Re: Sheltering in Victoria City Parks

Re: Sheltering in Victoria City Parks

Dear Mayor Helps and City Council,

am writing on behalf of the British Columbia Civil Liberties Association (“BCCLA”), the Union of British Columbia Indian Chiefs (“UBCIC”) and Pivot Legal Society to follow up on our letters we sent last month, and to make recommendations in advance of your upcoming vote about whether to reinstate the enforcement of all portions of the Parks bylaw.

We are calling upon you to take a transformative approach to the city’s relationships with people sheltering in parks, local Indigenous nations, Indigenous lands and inadequately housed Indigenous people displaced from other Indigenous nations and lands. If the political will to prioritize a reconciliatory approach is lacking, then we strongly urge you to at the very least extend the period of non-enforcement of the rule against daytime sheltering in parks, and to rescind all of the additional sheltering provisions imposed in the May 14 notice.

Reducing Harm in the Context of Two Public Health Emergencies
As we communicated to you in our letters dated May 19, 2020, the BCCLA, UBCIC and Pivot Legal Society are deeply concerned about the vulnerability of people with inadequate housing whose wellbeing is threatened not only by the COVID-19 pandemic, but also by the persisting opioid overdose public health emergency. Indigenous people in British Columbia are made disproportionately vulnerable on both fronts, and reconciliation therefore remains a foundational priority in times of crisis.

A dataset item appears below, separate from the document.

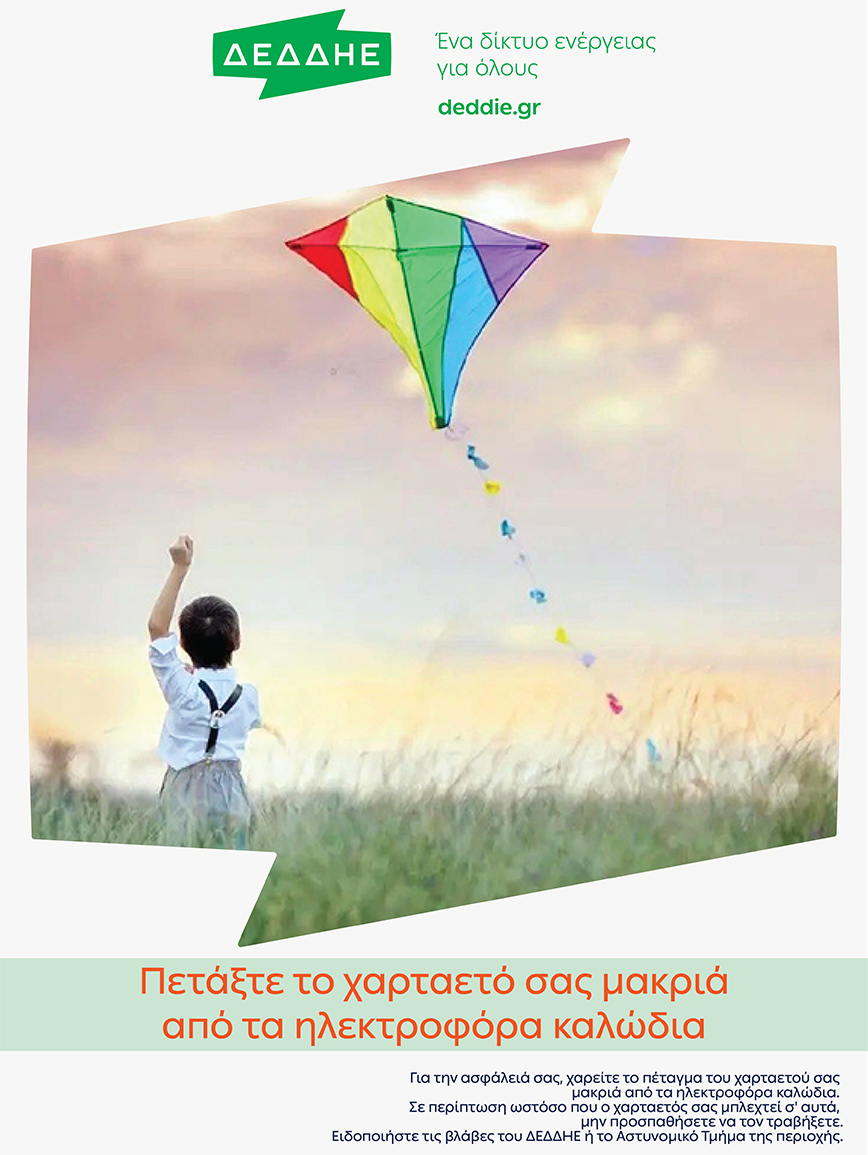 Ο ΔΕΔΔΗΕ δίνει οδηγίες για το πέταγμα του χαρταετού ενόψει της Καθαράς Δευτέρας και συμβουλεύει να μην πετάτε το χαρταετό σας κοντά σε ηλεκτροφόρα καλώδια, καθώς υπάρχει σοβαρός κίνδυνος ηλεκτροπληξίας για εσάς και διακοπής της παροχής ρεύματος στη γύρω περιοχή.

Daily displacement due to inadequate housing and bylaw enforcement is always harmful, and even moreso during the COVID-19 state of emergency. We commended your decision not to take down homeless people’s temporary shelters until the provincial emergency declaration in relation to the pandemic is lifted. This remains an obvious measure to enable people to protect themselves and others from the spread of COVID-19.

The overdose emergency compounds the risk of harm faced by vulnerable people in your city. Last month’s total deaths represent the highest number of illicit drug toxicity deaths ever recorded in a month in B.C. – 170. More people died from fatal overdoses in May than all the COVID-19 deaths combined to date.1 The Coroners Service drew particular attention to Vancouver Island in their May 2020 report; Island Health surpassed its highest monthly toll ever recorded by 36% (38 deaths in May; previous high was 28 deaths in Jan and Mar 2018).2 Victoria is listed alongside Vancouver and Surrey as the “townships experiencing the highest number of illicit drug toxicity deaths in 2020.”

Allowing people to shelter in parks can mitigate the risks of using illicit drug through peer witnessing, harm reduction and the provision of privacy. Encampments are operating as de facto overdose prevention sites – with peers responding to rapidly to otherwise fatal overdoses. There is a lower risk of overdosing if people do not have to use illicit drugs alone and in the dark.

Inadequate Housing and Survival Services in Victoria
We understand that there are approximately 120 people sheltering in Victoria’s parks and in other locations such as doorways and sidewalks. Even with the moratorium on renter evictions, people continue to become newly homeless.

Survival services remain limited in Victoria. Outreach organizations are only starting to figure out mobile delivery systems for survival basics. The emerging system will be undermined if people are forced to dismantle their shelters each day and move. At the time of the decampment of Pandora and Topaz there was an outcry from local outreach and health professionals over how the displacement undermined existing client relationships. Pivot Legal Society pulled together 15 statements, representing more than 20 peers, advocates and health professionals speaking to the harms of displacement, including the ways in which it undermined service provision and community relationships.3 Returning to a policy of daily displacement will replicate these harms for the foreseeable future.